Please write out exactly the lines of the data below from the line holding "Este reloj no" through the line holding "Mit halter diffusor, es", and leave out the rest.
Study material section start
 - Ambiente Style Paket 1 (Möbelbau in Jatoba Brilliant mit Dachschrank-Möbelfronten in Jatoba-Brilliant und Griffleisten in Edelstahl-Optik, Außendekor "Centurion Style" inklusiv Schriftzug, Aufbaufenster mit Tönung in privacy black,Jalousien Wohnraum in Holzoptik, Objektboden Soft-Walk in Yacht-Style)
Study material section end
Study material section start
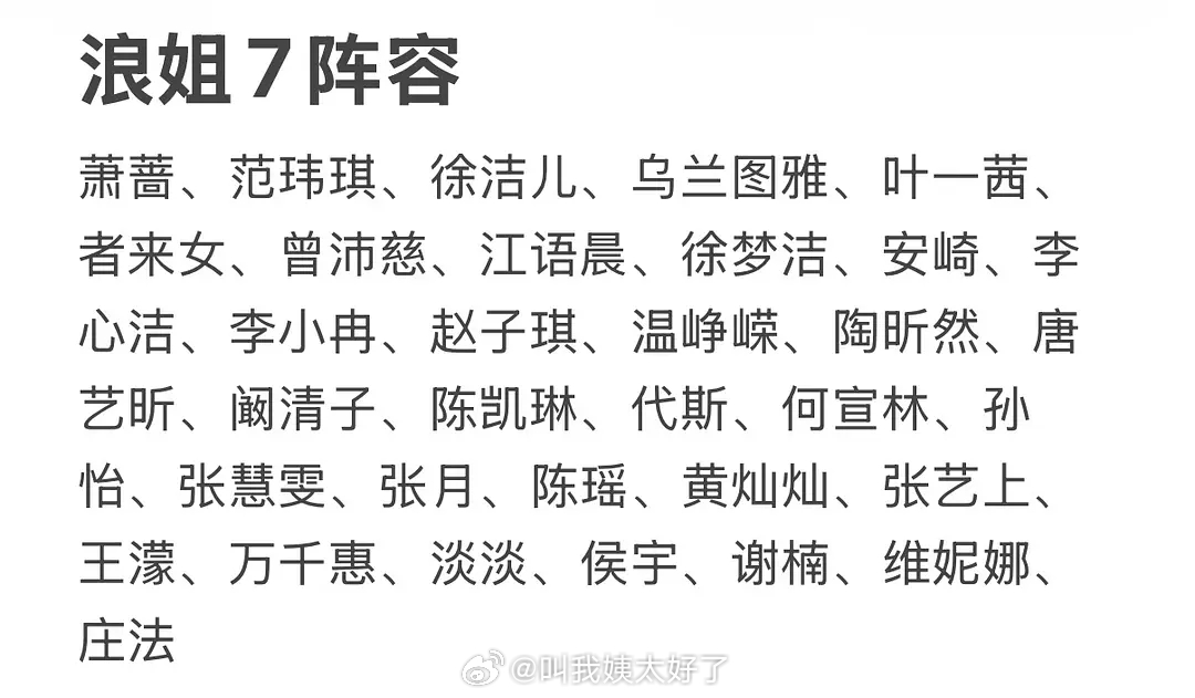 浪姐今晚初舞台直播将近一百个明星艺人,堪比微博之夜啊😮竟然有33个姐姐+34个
Study material section end
Study material section start
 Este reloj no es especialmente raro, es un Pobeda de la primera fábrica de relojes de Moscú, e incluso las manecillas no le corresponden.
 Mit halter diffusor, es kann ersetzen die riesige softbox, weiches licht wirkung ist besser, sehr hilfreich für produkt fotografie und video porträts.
Study material section end
Result of this exercise:
 Este reloj no es especialmente raro, es un Pobeda de la primera fábrica de relojes de Moscú, e incluso las manecillas no le corresponden.
 Mit halter diffusor, es kann ersetzen die riesige softbox, weiches licht wirkung ist besser, sehr hilfreich für produkt fotografie und video porträts.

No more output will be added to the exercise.